Główna przyczyną europejskich kłopotów był bez wątpienia niekontrolowany przyrost długu publicznego i zagranicznego niektórych państw unii walutowej. Obciążenie kredytowe zmusiło rządy Grecji, Irlandii i Portugalii do zwrócenia się z prośbą o zagraniczną pomoc – w innym przypadku państwom tym groziło bankructwo, które oznaczałoby katastrofę dla całej strefy euro. Najgłośniejsza jest oczywiście sprawa Grecji - problemu Hellady nie udało się do dziś rozwiązać, mimo dwóch lat starań połączonych z gaszeniem pożaru w Grecji rekordowymi sumami pieniędzy.

Za obecną sytuację strefy euro nie można jednak oskarżać wyłącznie kilku nieodpowiedzialnych państw z południa Europy. Analitycy MFW zwracają uwagę, że kryzys obnażył słabość zarządzania w całej unii walutowej. Ratyfikowany w 1997 r. Pakt Stabilności i Wzrostu miał zaprowadzić w Europie dyscyplinę budżetową - okazał się jednak zbyt słaby by powstrzymać rządy poszczególnych państw od złych praktyk. Jednocześnie w strefie euro nastąpiła znacząca integracja rynków finansowych. Banki na masową skalę zaczęły pożyczać pieniądze ponad granicami państw, tymczasem system kontroli tych transakcji istniał jedynie na szczeblu narodowym. Co gorsza nie zadziałały również mechanizmy rynkowe - pomimo wyraźnego zastrzeżenia, że Europejski Bank Centralny nie może pożyczać pieniędzy bezpośrednio rządom krajów strefy euro, rynki zakładały, że władze państw i banki centralne w razie złej sytuacji pospieszą z pomocą finansową, która uratuje sytuację w tej lub innej gospodarce narodowej. Wiara ta doprowadziła do zaniżenia kosztów ryzyka kredytów i obligacji, co ułatwiło rządom zadłużanie państw ponad stan. „Przekonanie że gospodarki państw, czy też systemy bankowe są zbyt duże albo zbyt  złożone by upaść, rodzi pomysły, że ich zobowiązania mają bezwzględne gwarancje" – czytamy w raporcie MFW.

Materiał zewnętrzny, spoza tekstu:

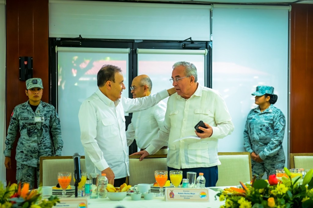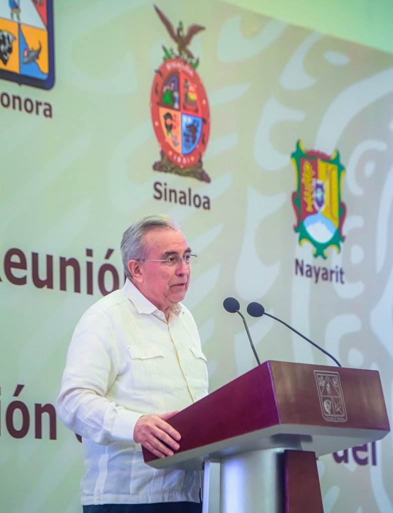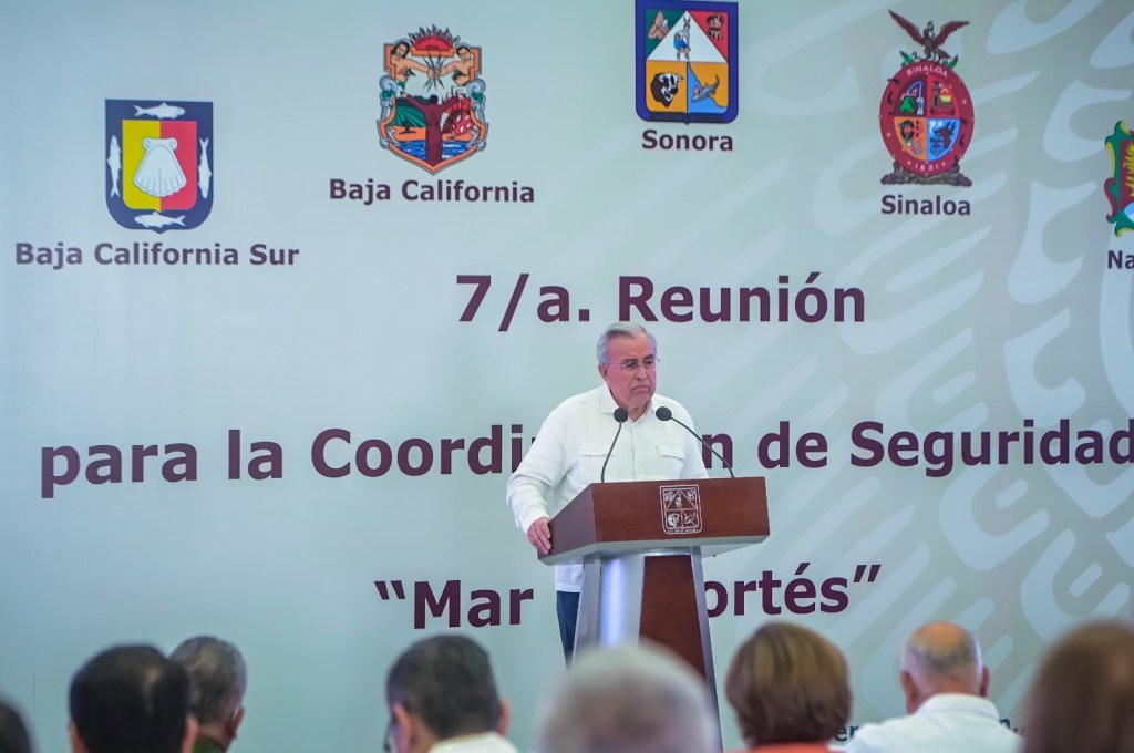 Hermosillo, Sonora, a noviembre de 2023.- Al participar en la Séptima Reunión Regional de Seguridad Mar de Cortés, el gobernador Rubén Rocha Moya destacó la buena colaboración y coordinación que existe entre los gobiernos de estos cinco estados que conforman esta región, y dijo que el ejemplo más reciente fue la detención en Navojoa, Sonora, en menos de 48 horas, del sujeto acusado de asesinar a sus dos pequeñas hijas, a su suegra y herir de gravedad a su mujer y a una hijastra, en la colonia Villas de Cortés en la ciudad de Los Mochis, hace apenas unas semanas, y que huyó al vecino estado para evadir la acción de la justicia.

Eksperci z MFW pozytywnie wypowiadają się o wysiłkach europejskich liderów na rzecz walki z kryzysem. Podkreślają, że od września 2011 r. wyraźnie zwiększyło się tempo działań. Wciąż aktualne jest jednak pytanie, czy same środki polityczne wystarczą do rozwiązania kłopotów strefy euro. Możliwe, że w dłuższej perspektywie najważniejszym wydarzeniem ostatnich miesięcy okaże się redukcja zadłużenia (czyli de facto częściowe bankructwo) Grecji. Ta nieprzyjemna dla inwestorów decyzja boleśnie przypomniała, że trzeba uważnie patrzeć na ręce wszystkim rządom strefy euro. Inwestorzy powinni pamiętać, że choć obecnie ze wszystkich stron UE słyszymy zapewnienia, że europejska waluta nie może upaść, to jednak rozsądny człowiek musi zakładać, że niemożliwe czasem może stać się możliwe. Dzięki temu, być może, prawa rynku zadziałają tam, gdzie zawiodą politycy.